Specifically, in the present embodiment, the air suction fan 20 and the heat absorption air guide plate 30 are disposed at an interval, so that when the air suction fan 20 exhausts air toward the heat absorption air guide plate 30, other air inside the casing 10 is driven to enter the air guide area of the heat absorption air guide plate 30 by using a siphon effect, thereby improving the heat dissipation effect of the whole projection, and meanwhile, the air discharge fan 40 is connected to the heat absorption air guide plate 20 in an abutting manner, so that heat in the air guide area of the heat absorption air guide plate 30 is directly guided to the air discharge fan 40 and exhausted by the air discharge fan 40, thereby improving the heat dissipation efficiency.

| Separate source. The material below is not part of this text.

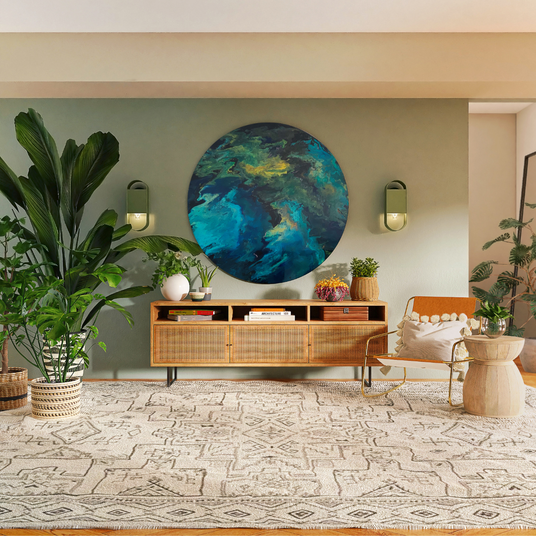 De ronde organische vorm doet de harde lijnen in een ruimte verzachten. Ook heeft een cirkel geen einde waardoor je weer een andere beleving krijgt en andere vormen ziet, wanneer je deze draait. Het kunstwerk is voorzien van een uniek professioneel ophangsysteem waardoor je het epoxy kunstwerk 360 graden kan draaien.

Specifically, in the present embodiment, the suction fan 20 is disposed at a corner of the housing 10. It can be understood that, by such a position arrangement, more ventilation holes 11 are formed at the position of the casing 10 corresponding to the suction fan 20, so as to improve the suction efficiency.

Specifically, in this embodiment, the power of the exhaust fan 40 is greater than the power of the suction fan 20, so that the suction force of the exhaust fan 40 guides the flow direction of the air, and the heat dissipation effect is improved.

The above-mentioned embodiments only represent several embodiments of the present invention, and the description thereof is more specific and detailed, but not to be construed as limiting the scope of the present invention. It should be noted that, for those skilled in the art, without departing from the spirit of the present invention, several variations and modifications can be made, which are within the scope of the present invention. Therefore, the protection scope of the present invention should be subject to the appended claims.

Claims (5)

1. The heat dissipation structure for the projector is characterized by comprising a shell, an air suction fan arranged in the shell, a heat absorption air deflector arranged on one side of the air suction fan and an exhaust fan arranged at the air outlet end of the heat absorption air deflector, wherein the heat absorption air deflector comprises a connection heat absorption part and a curved surface air guide part connected with the connection heat absorption part, the air outlet end of the air suction fan faces the curved surface air guide part, and air holes are formed in the positions, corresponding to the air suction fan and the exhaust fan, of the shell.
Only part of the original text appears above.